The suggestion of an unbound polysemy gestures towards the missing now of writing, but the semiotic processes of vaast bin just as easily become barriers that ends the gesture. For example, consider the poems' repetitions of "having bin" / "having been," as well as "will have been." These put into play an oscillation between the instrumental or technical possession of the apparatus — perhaps the page on which words are put or "bin" — and the existential axiom of being, of a being that is always a project in time. The repetitions oscillate precisely because of the unresolved question as to which is more fundamental. Do we deal with a technical apparatus that constructs being as locus and timing within its structure? Or is there being which inhabits the technical structures, the bins, through which we operate? The problem is suggestive of course, in part because it remains the central crux of writing, but Peters' success and limitation is that he remains focused on just this problem. Another example is the continual use of "noth," which suggests "nothing," as if "nothing" were the gerund of the verb "noth." The isolation of noth from nothing connotes an (until now) secret and undiscovered mode of acting, the act of noth. Or is noth a drunken "not," recalling the jazzy stutter of the very different poetry of Nathaniel Mackey, where the "t" slurs into "th" as if the negation of "not" were smeared on the tongue and the page? In the end, it feels Shakespearian and Parmenidean: nothing comes of nothing, ex nihilio nhil fit, since "noth" comes to feel like a private language, a special name alluding to some other story or scene with interior significance only.

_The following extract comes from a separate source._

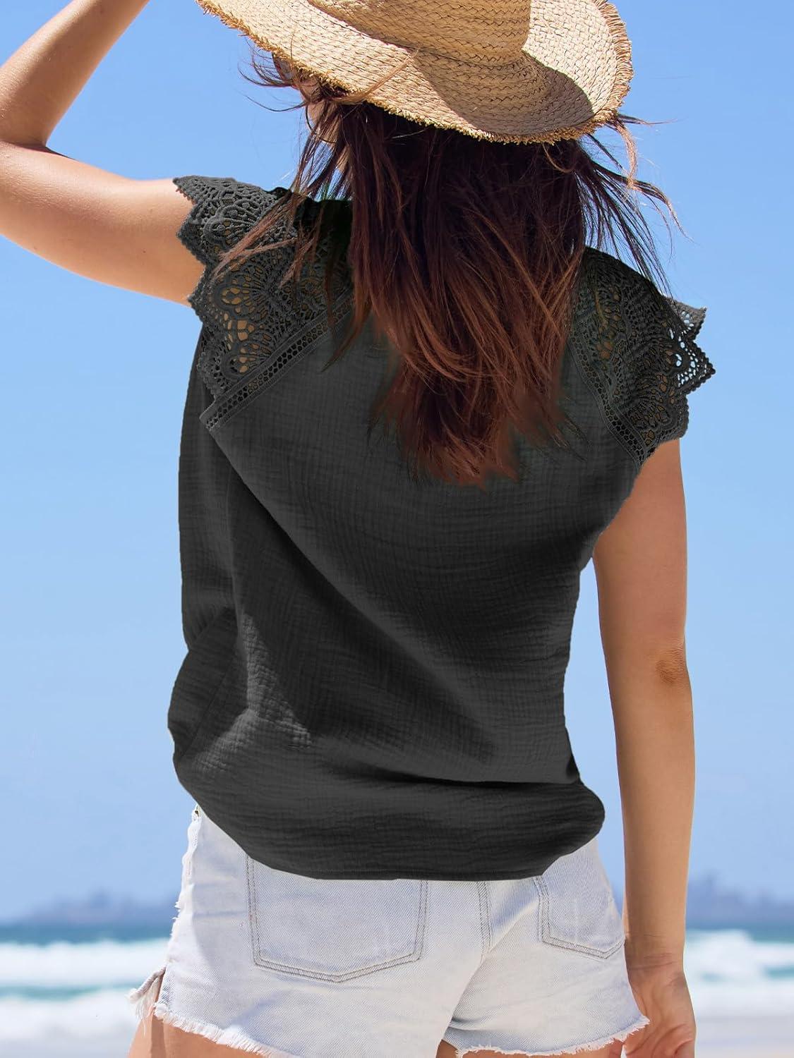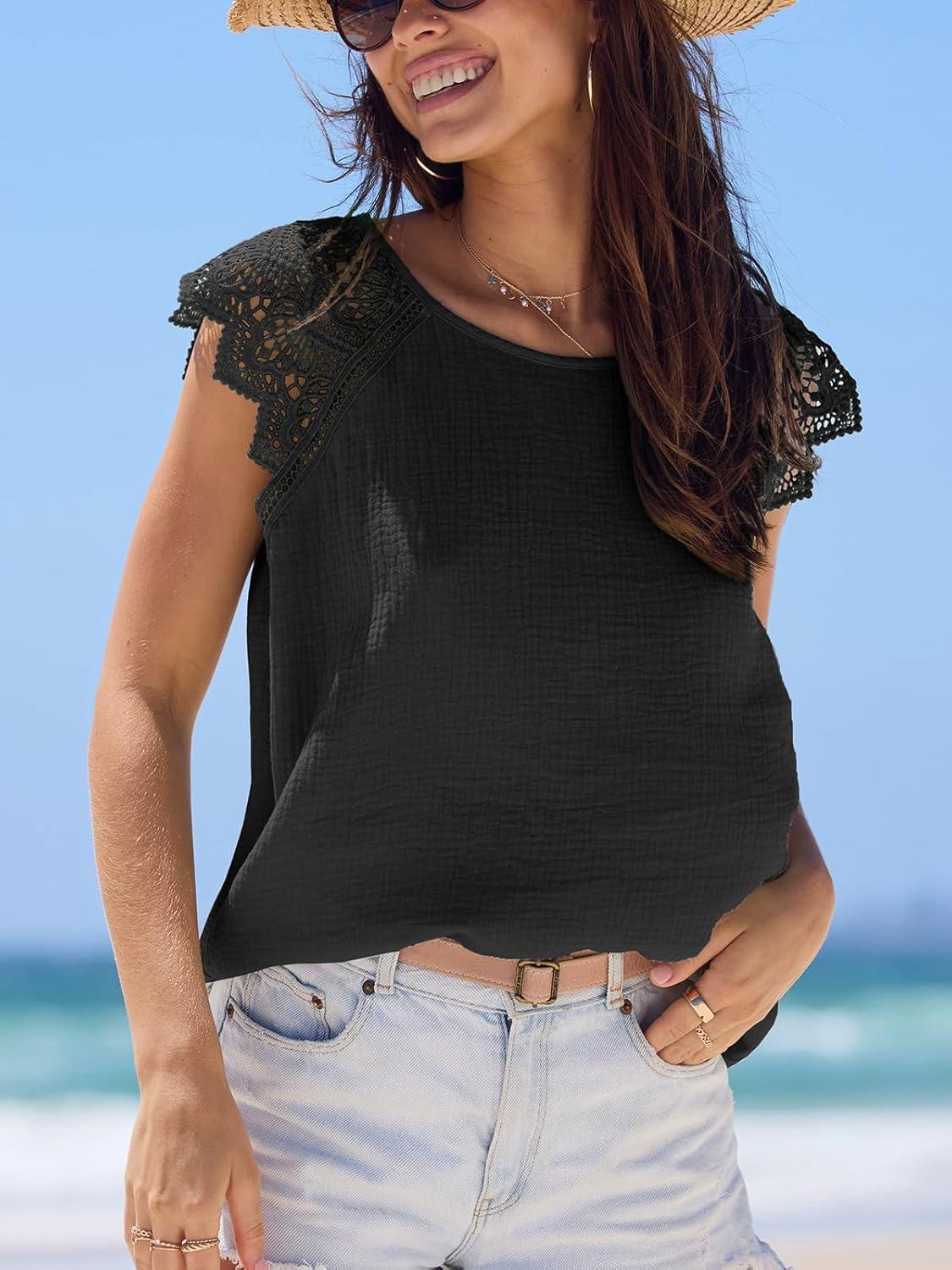 CUPSHE Womens Lace Short Sleeve Tops Cap Sleeve T Shirts 2025 Cute Basic Trendy Fashion Casual Dressy Outfits(Black)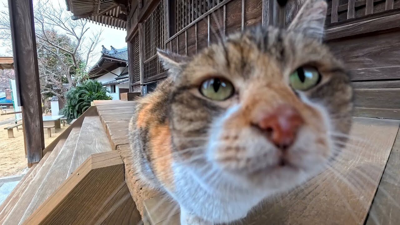 静かなお寺の境内で、一際目を引く三毛猫ちゃん。 YouTubeチャンネル「感動猫動画」から、出会った瞬間に心を奪われてしまう、とっても人懐っこい猫ちゃんの様子をご紹介します!

A receptacle is open. It produces precisely by what it takes in and operates on. So too the real interest of binary for poets and thinkers in an era of digital computers is the fuzziness between its utterly empty formalism and its ability to operate on any material in the world, including the world. Little enters into vaast bin. This is not a failing of the book but does precisely delimit its self-operation. It succeeds in what it does: vaast bin writes the resonance between image-text-sound as a problem of disparate notation by a writer machine. As a result, Peters limits the writing within a formal, mathematical, and ascetic program. The writing lacks both the subject-less quality of a work that remains only at the level of inscription — David Melnick's Pcoet is a classic example — but also the incandescent and messy use of incoming data across the space-time of the poem that characterizes certain strains of contemporary poetics. It is useful to invoke the well-worn use of Charles Olson's projective approach that is foregrounded and problematized in the work of a writer such as Susan Howe but also surely at play in Peters' meditations on marking and dividing and operating on the page. Peters communicates the energy of projective verse and Maximus but not the immediate engagement with history and mythos that ultimately mediated Olson's voice. Peters' bin is empty for all its vaastness.